Adotar uma visão de avanços na decisão do Fundo, ignorando as restrições que ela efetivamente traz aos países membros e ao próprio Brasil, é um equívoco similar a considerar o recente abandono brasileiro das negociações da OMC como um ato de soberania perante a intransigência dos países do centro capitalista em ceder nas questões agrícolas, ignorando que o país tinha aceitado de antemão todas as demandas e exigências dos países centrais.

Em virtude do papel histórico que o FMI cumpre, as novidades dele advindas sempre buscarão reforçar a perda da autonomia das políticas econômicas dos países membros periféricos. A clareza desse aspecto é imprescindível para superarmos não só o horizonte da lógica de buscar o mal menor nas decisões do Fundo, mas principalmente o de se contentar, como faz o governo brasileiro, com este mal.

 

 

1 - Review of the 1977 Decision ― Proposal for a New Decision, Companion Paper, Supplement, and Public Information Notice. http://www.imf.org/external/np/pp/2007/eng/062107.htm

2 - A member should avoid exchange rate policies that are pursued for domestic reasons and result in external instability, including fundamental exchange rate misalignment. Principles for the Guidance of Members' Policies Under Article IV, Section 1, item D, pág 14.

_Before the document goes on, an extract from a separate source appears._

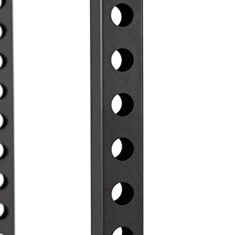 The Titan Fitness T-2 Series Power Rack stands tall at 83 inches high, offering a sturdy and reliable fitness solution for your home gym. Built with durable 2 x 2-inch 12-gauge steel uprights and featuring 1-inch holes spaced 2 inches apart, this power rack provides versatile options for your workouts. The rack comes complete with essential accessories such as (4) heavy-duty steel uprights, (2) Pin and Pipe Safeties, (2) Weight Plate Horns, and (2) J-Hooks with UHMW plastic for added protection. Additionally, the rack includes a 1.25-inch Single Pull-Up Bar and assembly hardware, making it a comprehensive and practical choice for strength training enthusiasts.

3 - Nota do ministro da Fazenda sobre a nova decisão relativa a mudanças no monitoramento do FMI, 20/06/07 http://www.fazenda.gov.br/portugues/releases/2007/junho/r200607.asp

 


Fábio Marvulle Bueno é mestre pelo Instituto de Economia da Universidade Estadual de Campinas (Unicamp), especialista em políticas públicas e gestão governamental do Ministério do Planejamento, Orçamento e Gestão.